Das Bayerische Oberste Landesgericht jedoch wies 1975 die Hamburger Lesart zurück: »Der bloße Besitz oder das »Halten« von Fernmeldeanlagen«, begründeten die Richter, »stellt kein »Betreiben« dar.« Denn: »Auch wer sich einem Gebäude nähert, um dort einzubrechen und zu stehlen, und hierbei Einbruchswerkzeuge mitführt, kann noch nicht wegen versuchten Diebstahls bestraft werden.«

Die Postfahnder müßten mithin einen Funkfreund am eingeschalteten Gerät erwischen -- was bei Schwarzsendern wohl möglich ist, bei Schwarzempfängern hingegen kaum gelingen kann. Naheliegend scheint daher die Forderung des Fachblatts »Hobbyfunk« nach einer »Entkriminalisierung des Hörhobbys«.

Experten wie Wolfgang Conrad, Abteilungsleiter Sendertechnik beim Hessischen Rundfunk und passionierter Funkamateur, sind ohnehin seit langem der Ansicht, daß es »nicht plausibel« sei, daß »die Post bei uns alles reglementieren muß«. Funker Conrad: »Was ist schon dabei, wenn einer am Empfänger lauscht, wie ein Flugzeug zum Start eingewiesen wird?«

In den USA beispielsweise, argumentieren Sprecher von Funkerverbänden, werde kein harmloser Hobbyhörer polizeilich verfolgt: Frequenzen nichtöffentlicher Sender sind dort gar in Handbüchern nachzulesen. Und solange jemand vom Gehörten keinen Gebrauch macht, kann er ungestraft den Funkverkehr von Taxen, Versorgungsunternehmen, Flughäfen und selbst des FBI verfolgen.

Wirklich geheime Nachrichten allerdings werden in den USA durch Verschlüsselungs- und Verschleierungsgeräte vor fremden Mithörern geschützt.
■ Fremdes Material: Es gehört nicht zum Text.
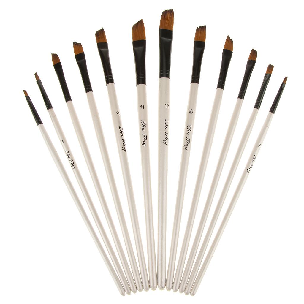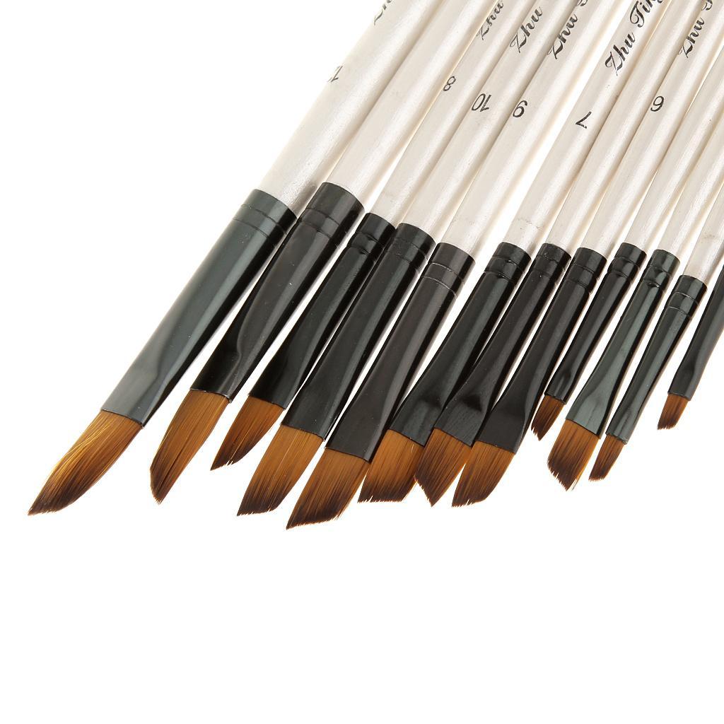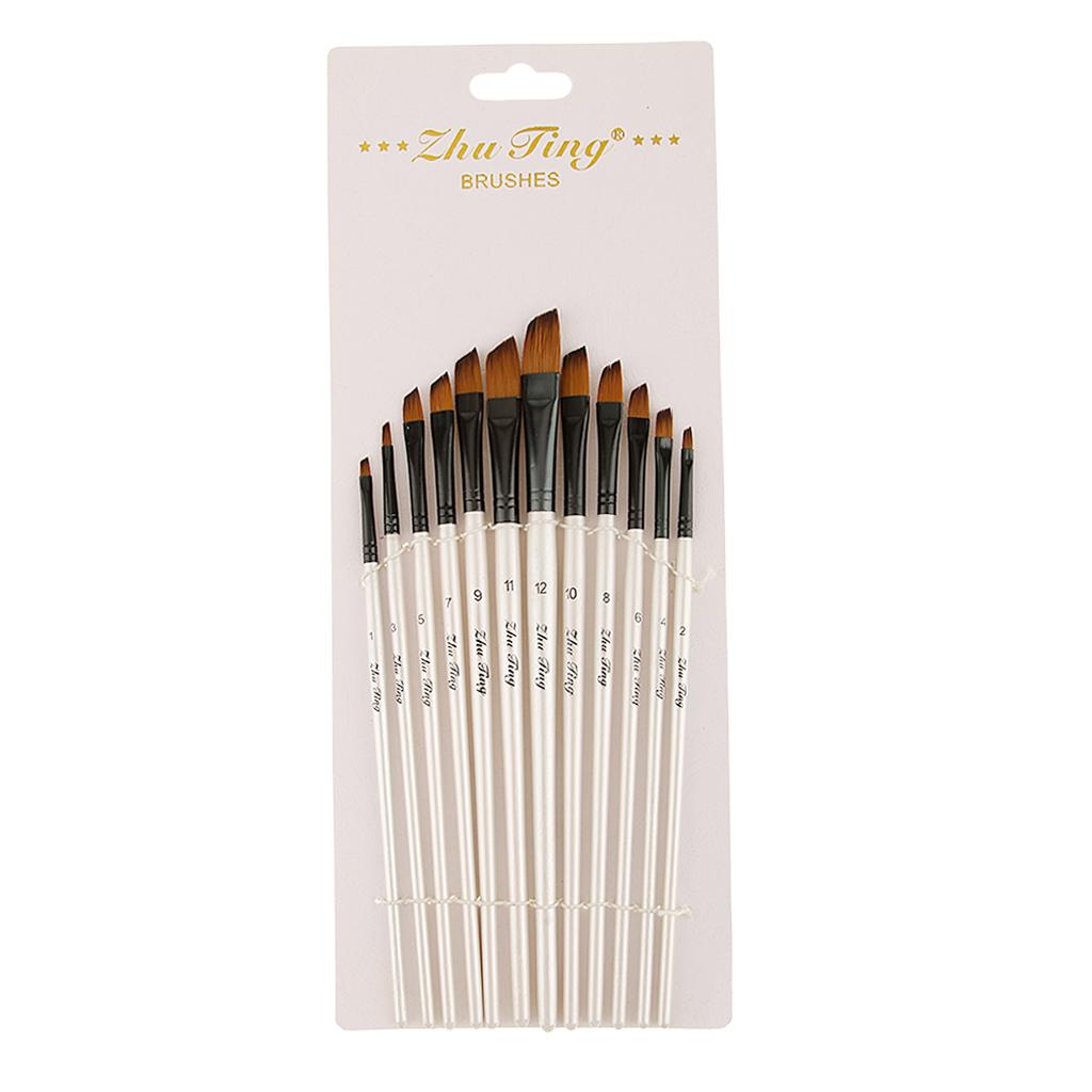 Set of 12 Pcs Nylon Hair Paint Brush Artist Painting Slant Tip White Handle
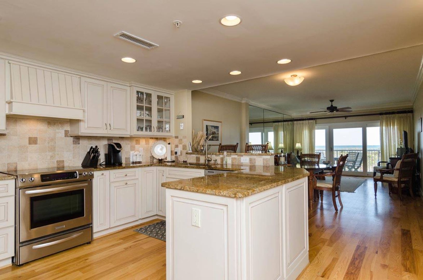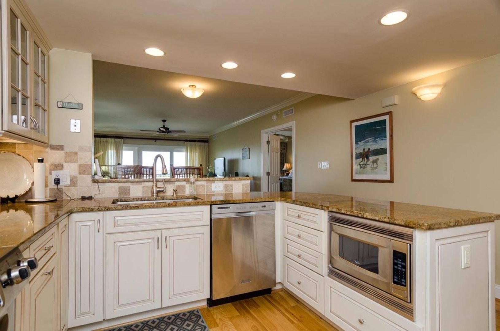 “Kroger” is an immaculate first floor condo in the Wrightsville Dunes complex and is a Sterling Edition building which includes an exterior security entrance. This condo features 3-bedrooms, 3-bathrooms, and spectacular ocean views. The beautifully remodeled kitchen boasts granite countertops, tile backsplash, stainless steel appliances, and a wine chiller. The ocean front covered balcony can be accessed from both the living area and primary bedroom. A spacious primary suite overlooks the ocean and provides access to the ocean front deck. The ensuite bathroom features dual sinks, a walk-in shower, a private water closet, and large garden tub. A queen bedroom overlooks the sound and has direct access to a full bathroom that has shared entry with the main hall. The twin guest room also has sound views and a private bathroom. The complex offers ground level storage for all your beach equipment and the beach is conveniently accessed by private walkways.
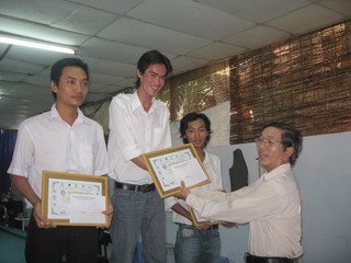 代表组织委员会给黎黄南运动员颁发奖金。 |
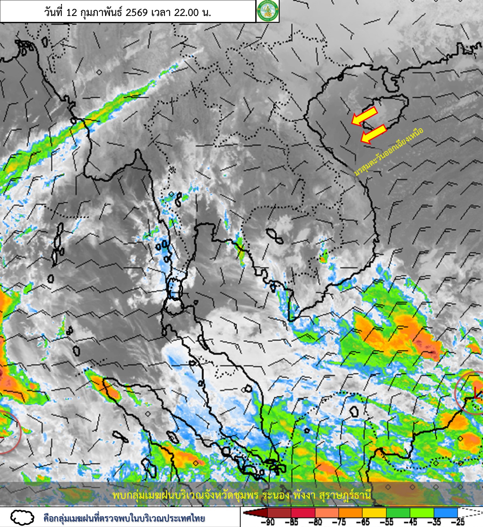 การประมาณค่าฝนจากดาวเทียม เมื่อวาน (12/02/2026)
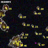 Black segments are analyzed here. Roll mouse over color images to view segments. Best viewed in a wide browser window (1200 pixels or more). Download SED & P(z) plots to view larger versions.
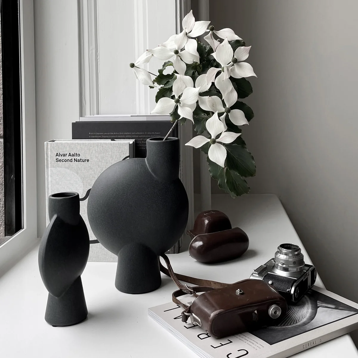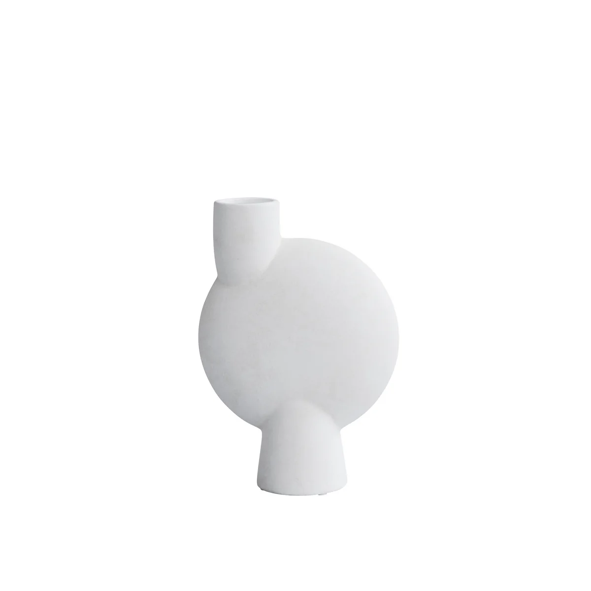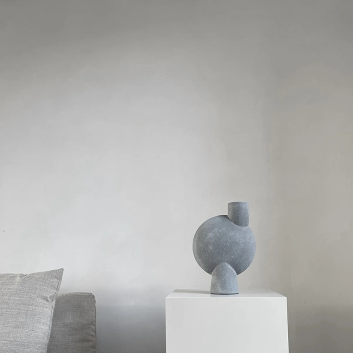 Die Sphere Vase Bubl Medio von 101 Copenhagen ist das erste Design des dänischen Herstellers. Sie verbindet traditionell chinesische Vasen-Stile mit einem bildhauerischen Ausdruck, der jedem Raum einen künstlerischen Touch verleiht. Wie der Name Bubl schon sagt ist ihr Körper rund – aber nur von vorne. Von der Seite ist sie flach.
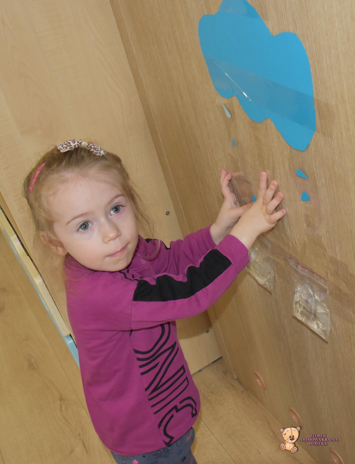 W drugiej części zajęć Amisie tworzyły magiczną chmurkę z której spadały krople deszczu tworzące kałuże ![]()
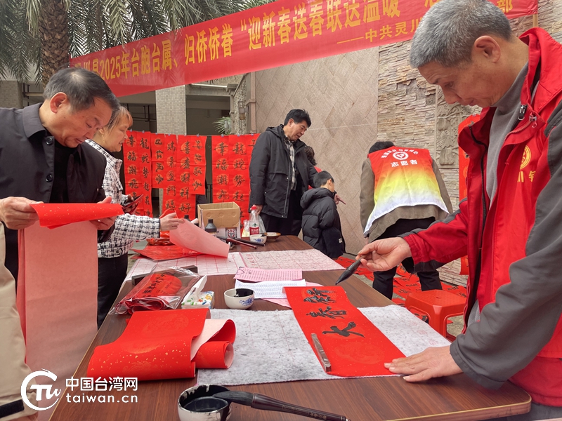在灵川县举行的2025年“迎新春送春联送温暖”慰问活动上,多名台胞台属与当地乡亲同写一副春联、共道一声祝福。大家以“蛇年”为主题,挥毫泼墨,笔走龙蛇,预祝乙巳蛇年“万事好成功”。“这字写得太漂亮了,手写的春联更有温度有意义!”台属秦女士拿着刚写好的春联开心地说道。同时,灵川县七彩社区还安排了义务问诊活动,提供中医把脉问诊、口腔检查等服务,帮助台胞台属免费测血压、血糖。
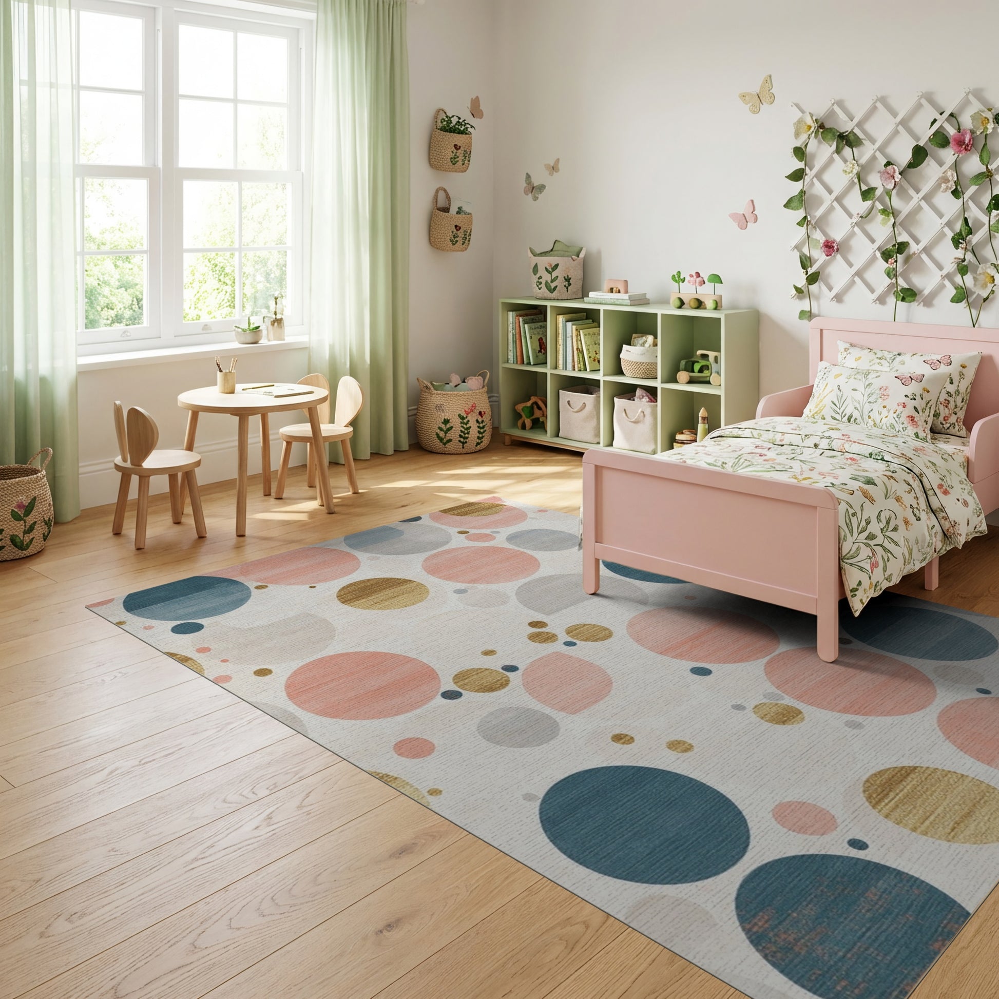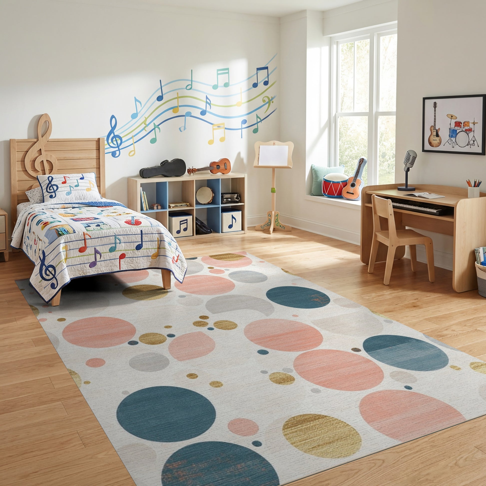 Flatwoven High Traffic Area Rug, Abstract Teal Coral Gold Circles Rug, Non Slip, Stain Resistant, Washable Area Rugs for Study Room, Playroom, Bedroom Overview:
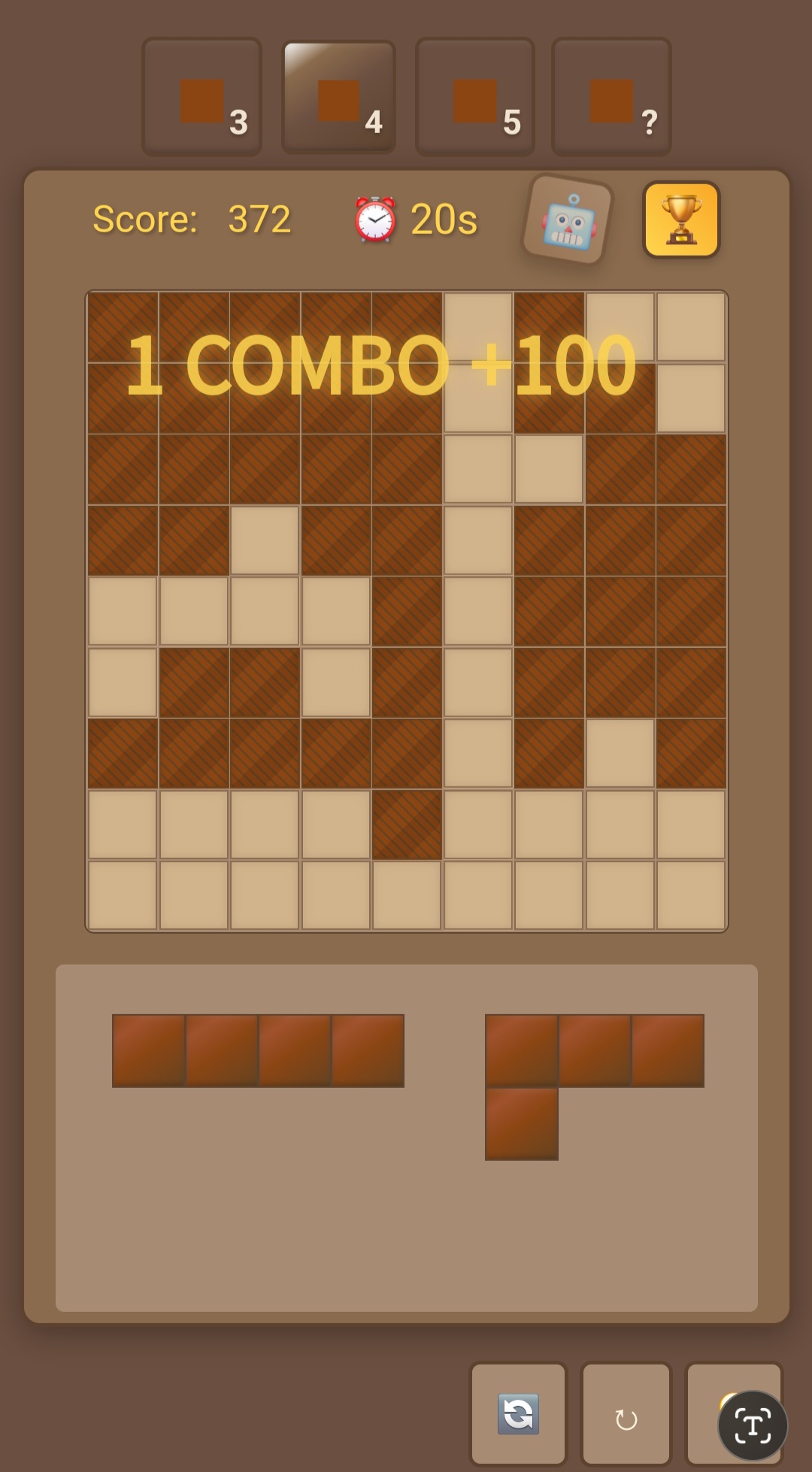 알겠습니다. 사용자가 CSS를 우드 스타일로 변경해 달라고 요청했습니다. 현재 코드에서 body 배경색, 게임 컨테이너, 셀, 블록 등의 색상과 스타일을 수정해야 합니다. 우선 기존 스타일에서 색상 관련 부분을 찾아야 합니다. body의 background는 #1a1a1a에서 우드톤으로 바꿔야 하니 갈색 계열로 선택합니다. 게임 컨테이너의 배경도 어두운 갈색으로 변경합니다. 셀의 배경색은 우드 패턴을 위해 이미지를 사용하는 것이 좋을 것 같습니다. 하지만 이미지 대신 그라데이션을 활용해 나무 질감을 흉내낼 수 있습니다. border 색상은 더 진한 갈색으로 조정합니다. filled 클래스의 셀은 초록색 대신 주황색 계열로 변경해 어울리게 합니다. 블록 셀의 색상도 주황색으로 조정하고 border를 더 진한 색으로 바꿉니다. 점수 표시의 색상도 주황색으로 통일합니다. 추가로 그림자 효과와 둥근 모서리를 조정해 자연스러운 우드 느낌을 내야 합니다. 기존 코드 구조는 유지하면서 색상과 일부 스타일 속성만 변경합니다. 이제 수정할 부분을 찾아서 코드 블록에 반영합니다.
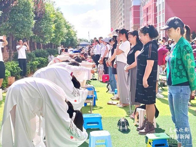 书香校园内,毕业礼现场一片欢腾,恍若时代穿越。六年级的孩子们精心打扮,身着各式国风服饰,端庄大方,衣袂飘飘,在风雅音乐中将中国传统礼仪陆续演绎。
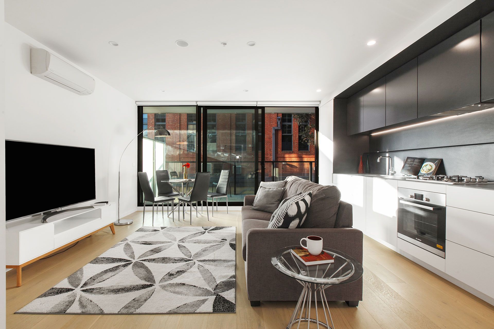- Open light-filled living/dining area with access to the balcony
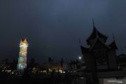 Kawasan jam gadang disemprot disinfektan
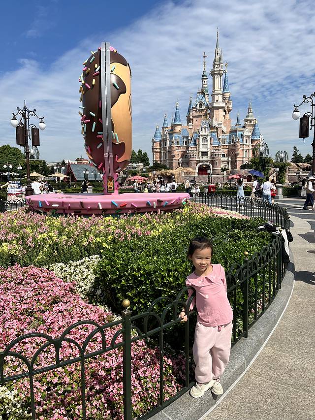 第二天很早,七点多就坐民宿酒店的车到迪士尼,十几分钟的车程。来这里玩的人确实是像网上和别人所说的很多很挤,进门就是排队。还好不是假期旺季,虽然人多,做啥都要排队,但还可以接受。这天天气也很好,不是很热。
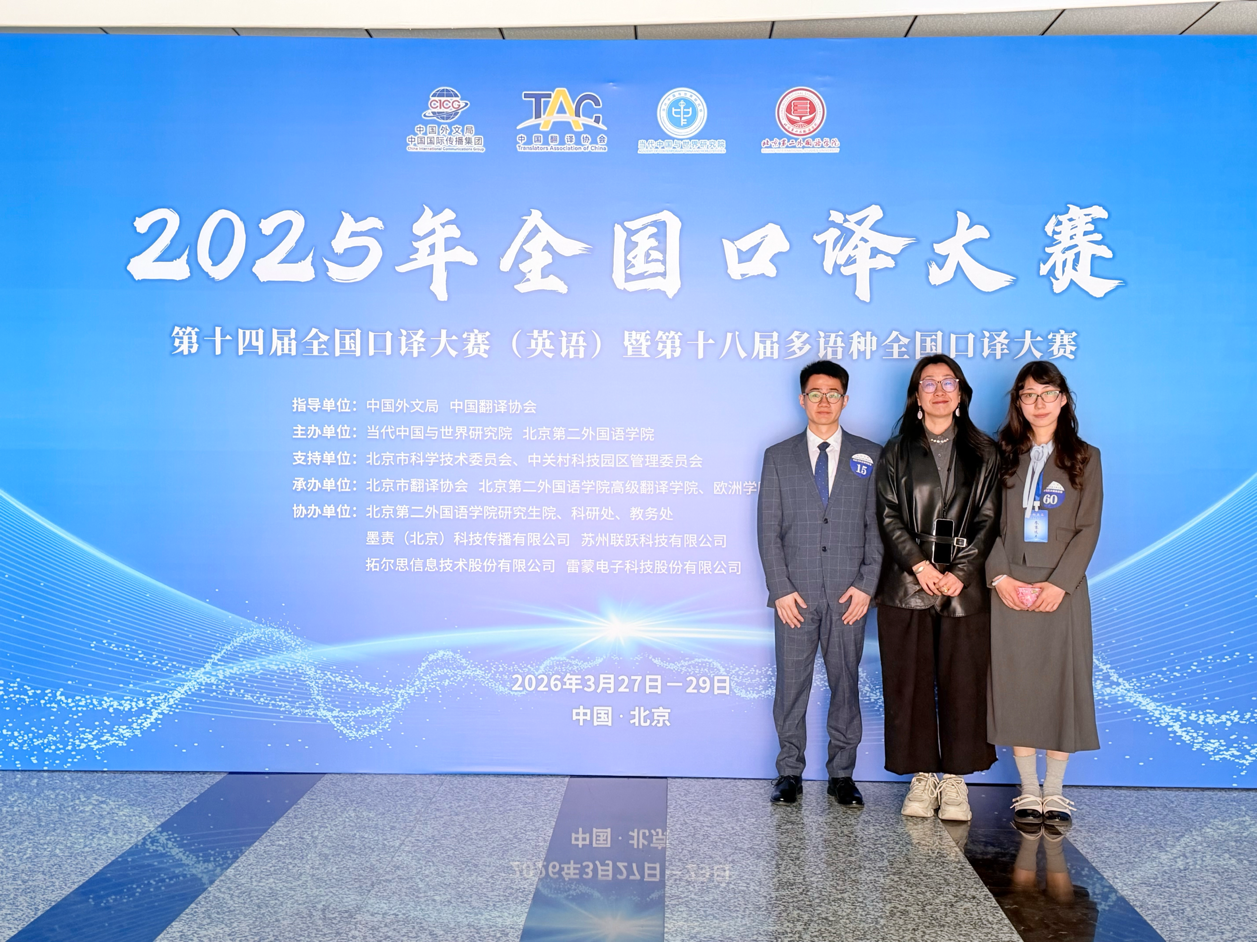 3月27日—29日,第十五届全国口译大赛全国总决赛在北京第二外国语学院圆满落幕。作为国内口译领域极具影响力的专业赛事,本届大赛吸引了全国百余所高校选手同台竞技,比拼内容涵盖语言功底、临场反应、逻辑表达与跨文化传译能力,竞争十分激烈。我院学子凭借稳定发挥与扎实实力,斩获多项荣誉,创下学院在该项赛事中的历史佳绩。
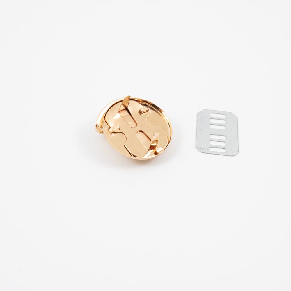 Veskelås i metall. Festes gjennom stoffet med en plate på baksiden. Toppen klemmes fast rundt kanten på veskelokket. Nikkelfri.

In der bundesdeutschen Polizei jedoch sind elektronische Kodierungssysteme, aus Kostengründen, noch selten.

Statt »hunderttausend Mitbürger zu Kriminellen zu stempeln«, sollten Westdeutschlands Behörden, so die Funkfreunde, »nach dem Verursacherprinzip« dafür sorgen, daß »diejenigen Stationen, die nicht wünschen, daß fremde Ohren mithören, die nötigen technischen Vorkehrungen treffen« ("Hobbyfunk").

Solche Schritte wären, kommentiert das Fachblatt, obendrein kriminaltechnisch effektiver als die »tragikomischen Bemühungen« der Bundespost, mit Hilfe der Polizei ihre »Funkhoheit« gegen Freizeit-Hörer zu verteidigen.

»Hobbyfunk«-Verleger Felix Körner ist bereit, seinen Standpunkt, die derzeitigen Polizei- und Post-Praktiken seien »heller Schwachsinn«, in einem Musterprozeß zu vertreten. In seinem Monatsblatt offenbarte er jüngst, daß in seinem Verlagshaus verschiedene »unpostalische Geräte« stehen: »Wir warten ungeduldig auf eine Hausdurchsuchung, denn wir wollen vor Gericht endlich einmal feststellen lassen, welch einen Unsinn das Verbot gewisser Empfangs-Frequenzen darstellt.«

Körner wohnt in 7016 Gerlingen, Bildstraße 4.